Pearson Correlation Heatmap
let us generate some correlation plots of the features to see how related one feature is to the next. To do so, we will utilise the Seaborn plotting package which allows us to plot heatmaps very conveniently as follows
colormap = plt.cm.RdBu
plt.figure(figsize=(14,12))
plt.title('Pearson Correlation of Features', y=1.05, size=15)
sns.heatmap(train.astype(float).corr(),linewidths=0.1,vmax=1.0,
square=True, cmap=colormap, linecolor='white', annot=True)

- heatmap으로 각 데이터 features 사이의 상관관계를 표현
- vmin과 vmax를 이용하여 색으로 표현하는값의 최솟값,최댓값을 정해줄수 있음 (출처 : https://dsbook.tistory.com/51)
- astype을 이용하여 문자열을 숫자형으로 형 변환
- .corr()을 통해 사용할 데이터의 상관계수를 가져옴 (출처 : https://hong-yp-ml-records.tistory.com/33)
Takeaway from the Plots
One thing that that the Pearson Correlation plot can tell us is that there are not too many features strongly correlated with one another. This is good from a point of view of feeding these features into your learning model because this means that there isn't much redundant or superfluous data in our training set and we are happy that each feature carries with it some unique information. Here are two most correlated features are that of Family size and Parch (Parents and Children). I'll still leave both features in for the purposes of this exercise.

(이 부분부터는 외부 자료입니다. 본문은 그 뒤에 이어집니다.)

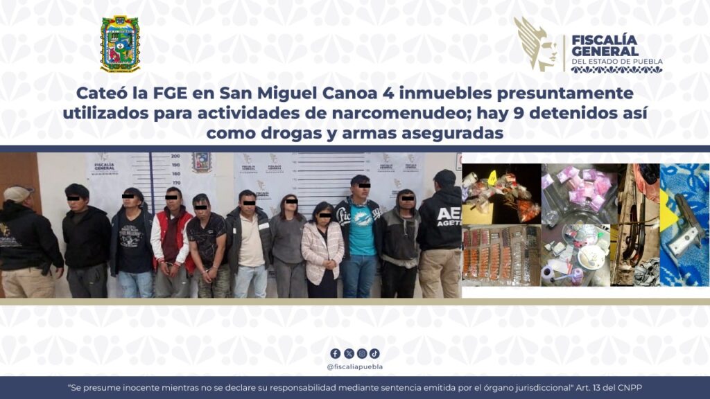 La Fiscalía General del Estado de Puebla realizó acciones para combatir el narcomenudeo en la junta auxiliar de San Miguel Canoa, del municipio de Puebla, logrando la detención de nueve personas, dos femeninas y siete masculinos, presuntamente en posesión de droga y armas de fuego.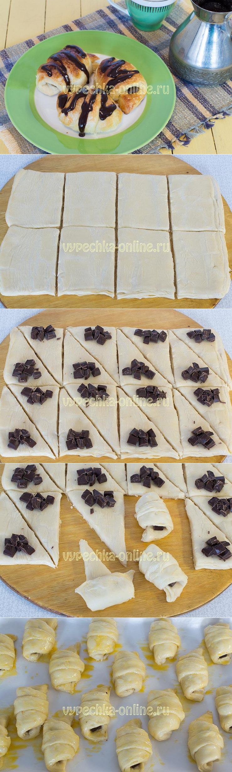 ✔️Круассаны из слоёного теста с шоколадом — рецепты с фото пошагово в духовке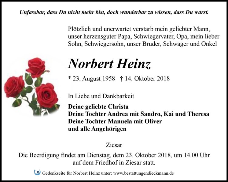Sicher weiß ich,dass du liebe Christa dies hier lesen wirst und nicht Norbert, aber das Gefühl zu haben , irgendwie sich was von der Seele zu schreiben und so auf diese Weise mit unseren Lieben eine Verbindung zu schaffen,tut einfach gut.

- 서로에게 강력한 영향력을 미치는 feature 데이터 존재하지 않음 >> 각 feature들이 어느 정도의 고유성을 지니고 있기 때문에 모델에 학습시키기 용이함 (과대하거나 과잉 데이터 X)
Pairplots
Finally let us generate some pairplots to observe the distribution of data from one feature to the other. Once again we use Seaborn to help us.

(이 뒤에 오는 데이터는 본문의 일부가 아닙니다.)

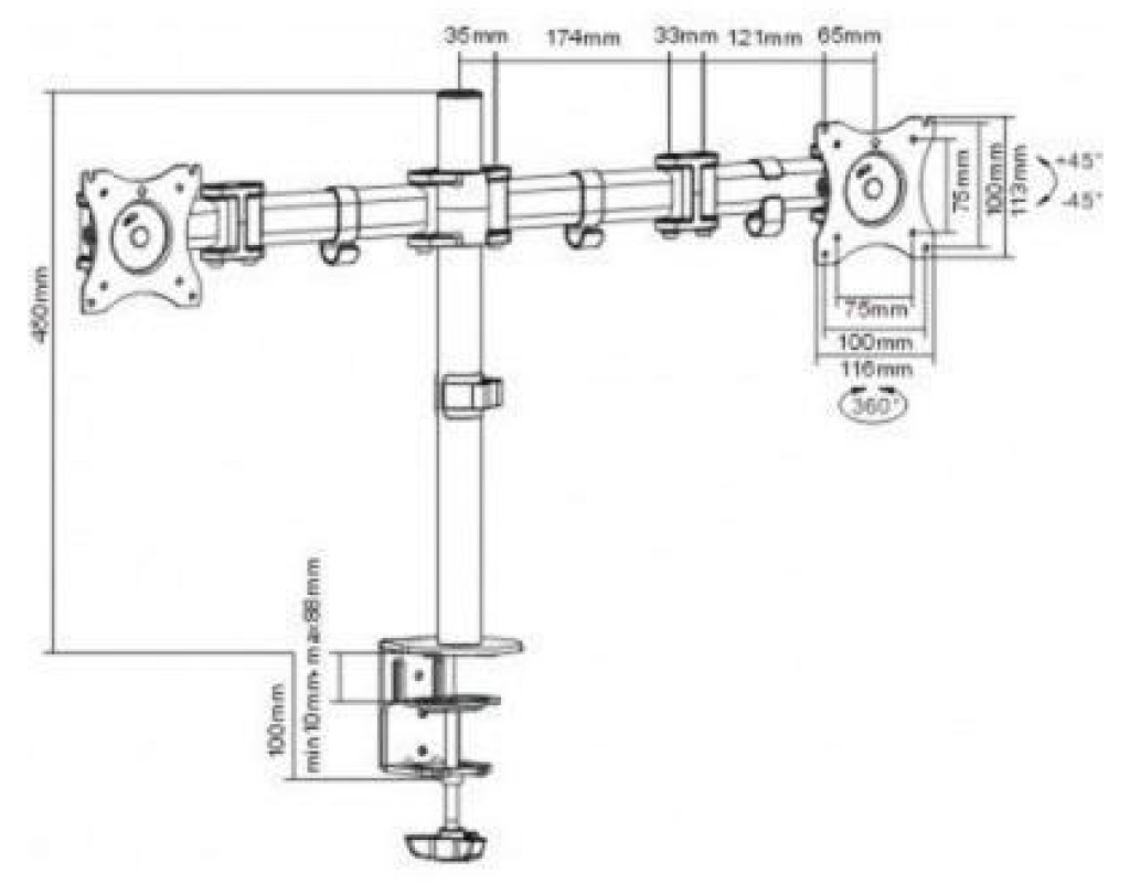 | Кронштейн ITech MBS-12F – это идеальное решение для оптимизации рабочего пространства и повышения эффективности в вашем офисе. Предназначенный специально для мониторов, этот кронштейн позволяет одновременно устанавливать до двух экранов, что делает его незаменимым в таких сферах, как банковский сектор, фондовые биржи, системы видеонаблюдения и ситуационные центры. Изготовленный из высококачественного металла с использованием метода алюминиевого литья, кронштейн обеспечивает непревзойденную прочность и надежность конструкции. Его варианты установки на стол позволяют значительно экономить место, оставляя рабочую зону свободной и удобной для выполнения разнообразных задач. Основным преимуществом модели MBS-12F является ее универсальность. Благодаря совместимости с VESA-стандартами 100 x 100 и 75 x 75, кронштейн поддерживает широкий диапазон диагоналей мониторов от 15" до 27", с максимальной нагрузкой до 8 кг на каждый монитор. Это делает его идеальным для адаптации под разнообразные потребности пользователей. Кронштейн имеет три степени свободы, обеспечивающие максимальную гибкость в использовании. Вы сможете наклонять мониторы под углом ±45°, поворачивать их на 180° и осуществлять вертикальное вращение на 360°, что позволяет легко менять ориентацию с книжной на альбомную, подстраивая экран под текущие задачи. Специальное крепление за столешницу с помощью надежной струбцины гарантирует устойчивость конструкции даже во время интенсивной работы. Для поддержания аккуратного вида рабочего пространства, кронштейн оснащен пластиковыми крючками, которые помогают организовать кабели, закрепляя их вдоль крепления. Кронштейн ITech MBS-12F разработан с заботой о комфорте и производительности пользователя. Его качество и функциональность обеспечивают бесперебойную работу даже в условиях повышенных нагрузок. Это не просто элемент офисного интерьера, а надежный помощник, который совершенствует процессы вашей работы. Не оставляйте свой выбор случаю – обеспечьте свой офис инновационным кронштейном ITech MBS-12F и почувствуйте разницу на собственном опыте. Это инвестиция в качество вашей работы, которая непременно оправдает себя. |

- 한 feature에서 다른 feature로의 데이터 분포를 보기 위해 데이터를 시각화해줌(Seaborn 사용)
g = sns.pairplot(train[[u'Survived', u'Pclass', u'Sex', u'Age', u'Parch', u'Fare', u'Embarked',
u'FamilySize', u'Title']], hue='Survived', palette = 'seismic',size=1.2,diag_kind = 'kde',diag_kws=dict(shade=True),plot_kws=dict(s=10) )
g.set(xticklabels=[])

- pairplot : 이변수 데이터 >> 인자로 전달되는 데이터프레임의 열(변수)을 두 개씩 짝 지을 수 있는 모든 조합에 대해서 표현. 열은 정수/실수형이어야 하며, 3개의 열이라면 3행 x 3열의 크기로 모두 9개의 그리드를 만든다. 각 그리드의 두 변수 간의 관계를 나타내는 그래프를 하나씩 그리며, 같은 변수끼리 짝을 이루는 대각선 방향으로는 히스토그램을 그린다. 서로 다른 변수 간에는 산점도를 그린다. (출처 : https://steadiness-193.tistory.com/198)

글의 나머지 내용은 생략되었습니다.